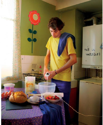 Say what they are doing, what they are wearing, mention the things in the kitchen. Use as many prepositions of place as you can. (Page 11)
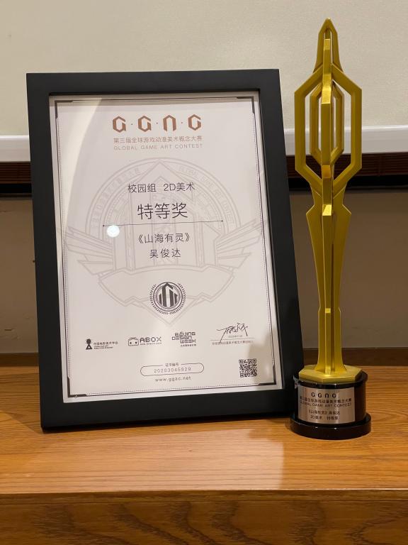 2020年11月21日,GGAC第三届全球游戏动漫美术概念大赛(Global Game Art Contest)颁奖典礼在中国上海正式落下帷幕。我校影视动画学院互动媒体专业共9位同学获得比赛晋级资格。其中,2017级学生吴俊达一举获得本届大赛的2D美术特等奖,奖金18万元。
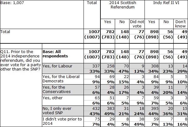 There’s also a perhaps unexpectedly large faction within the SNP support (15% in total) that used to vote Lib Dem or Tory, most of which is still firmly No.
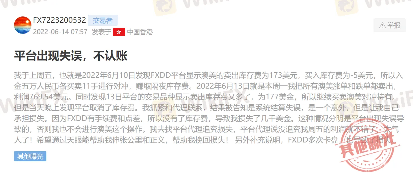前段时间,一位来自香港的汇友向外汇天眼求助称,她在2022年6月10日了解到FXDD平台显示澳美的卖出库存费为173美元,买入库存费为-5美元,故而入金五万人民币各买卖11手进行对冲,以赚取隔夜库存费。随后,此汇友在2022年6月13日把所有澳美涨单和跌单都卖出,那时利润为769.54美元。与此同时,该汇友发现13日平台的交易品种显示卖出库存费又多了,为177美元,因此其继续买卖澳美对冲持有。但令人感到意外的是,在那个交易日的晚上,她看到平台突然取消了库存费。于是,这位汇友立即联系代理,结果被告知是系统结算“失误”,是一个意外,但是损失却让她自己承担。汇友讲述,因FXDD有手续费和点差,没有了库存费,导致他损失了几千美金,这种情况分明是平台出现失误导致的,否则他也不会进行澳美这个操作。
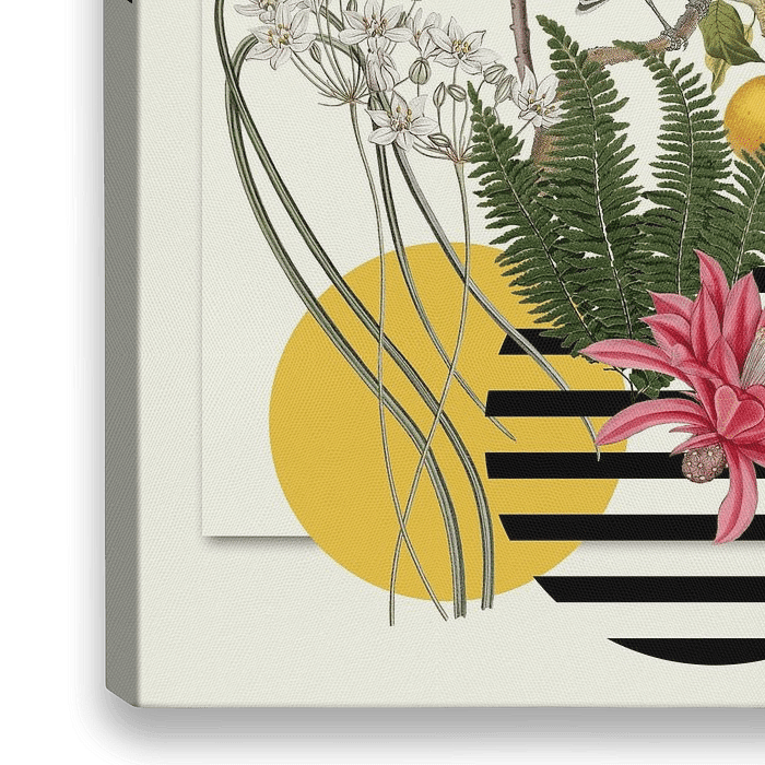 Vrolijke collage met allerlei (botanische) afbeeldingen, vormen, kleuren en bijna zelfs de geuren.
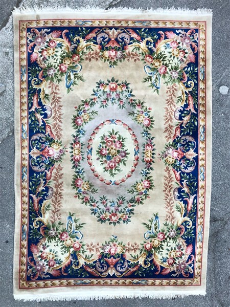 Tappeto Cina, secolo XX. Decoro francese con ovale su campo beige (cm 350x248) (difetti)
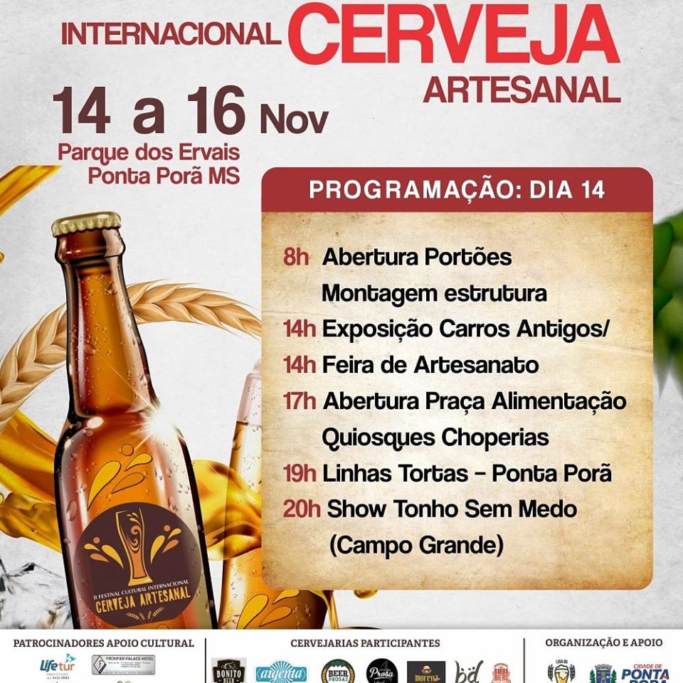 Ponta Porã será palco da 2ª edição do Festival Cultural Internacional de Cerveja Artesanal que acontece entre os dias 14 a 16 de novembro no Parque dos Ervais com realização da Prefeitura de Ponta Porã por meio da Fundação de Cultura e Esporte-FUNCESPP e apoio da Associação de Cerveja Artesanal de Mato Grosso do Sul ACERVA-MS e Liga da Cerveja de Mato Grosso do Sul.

========================================

→ **Assignment**
The material above is to be transcribed exactly, with its images omitted.

→ **Final answer**
 Say what they are doing, what they are wearing, mention the things in the kitchen. Use as many prepositions of place as you can. (Page 11)
 2020年11月21日,GGAC第三届全球游戏动漫美术概念大赛(Global Game Art Contest)颁奖典礼在中国上海正式落下帷幕。我校影视动画学院互动媒体专业共9位同学获得比赛晋级资格。其中,2017级学生吴俊达一举获得本届大赛的2D美术特等奖,奖金18万元。
 There’s also a perhaps unexpectedly large faction within the SNP support (15% in total) that used to vote Lib Dem or Tory, most of which is still firmly No.
前段时间,一位来自香港的汇友向外汇天眼求助称,她在2022年6月10日了解到FXDD平台显示澳美的卖出库存费为173美元,买入库存费为-5美元,故而入金五万人民币各买卖11手进行对冲,以赚取隔夜库存费。随后,此汇友在2022年6月13日把所有澳美涨单和跌单都卖出,那时利润为769.54美元。与此同时,该汇友发现13日平台的交易品种显示卖出库存费又多了,为177美元,因此其继续买卖澳美对冲持有。但令人感到意外的是,在那个交易日的晚上,她看到平台突然取消了库存费。于是,这位汇友立即联系代理,结果被告知是系统结算“失误”,是一个意外,但是损失却让她自己承担。汇友讲述,因FXDD有手续费和点差,没有了库存费,导致他损失了几千美金,这种情况分明是平台出现失误导致的,否则他也不会进行澳美这个操作。
 Vrolijke collage met allerlei (botanische) afbeeldingen, vormen, kleuren en bijna zelfs de geuren.
 Tappeto Cina, secolo XX. Decoro francese con ovale su campo beige (cm 350x248) (difetti)
 Ponta Porã será palco da 2ª edição do Festival Cultural Internacional de Cerveja Artesanal que acontece entre os dias 14 a 16 de novembro no Parque dos Ervais com realização da Prefeitura de Ponta Porã por meio da Fundação de Cultura e Esporte-FUNCESPP e apoio da Associação de Cerveja Artesanal de Mato Grosso do Sul ACERVA-MS e Liga da Cerveja de Mato Grosso do Sul.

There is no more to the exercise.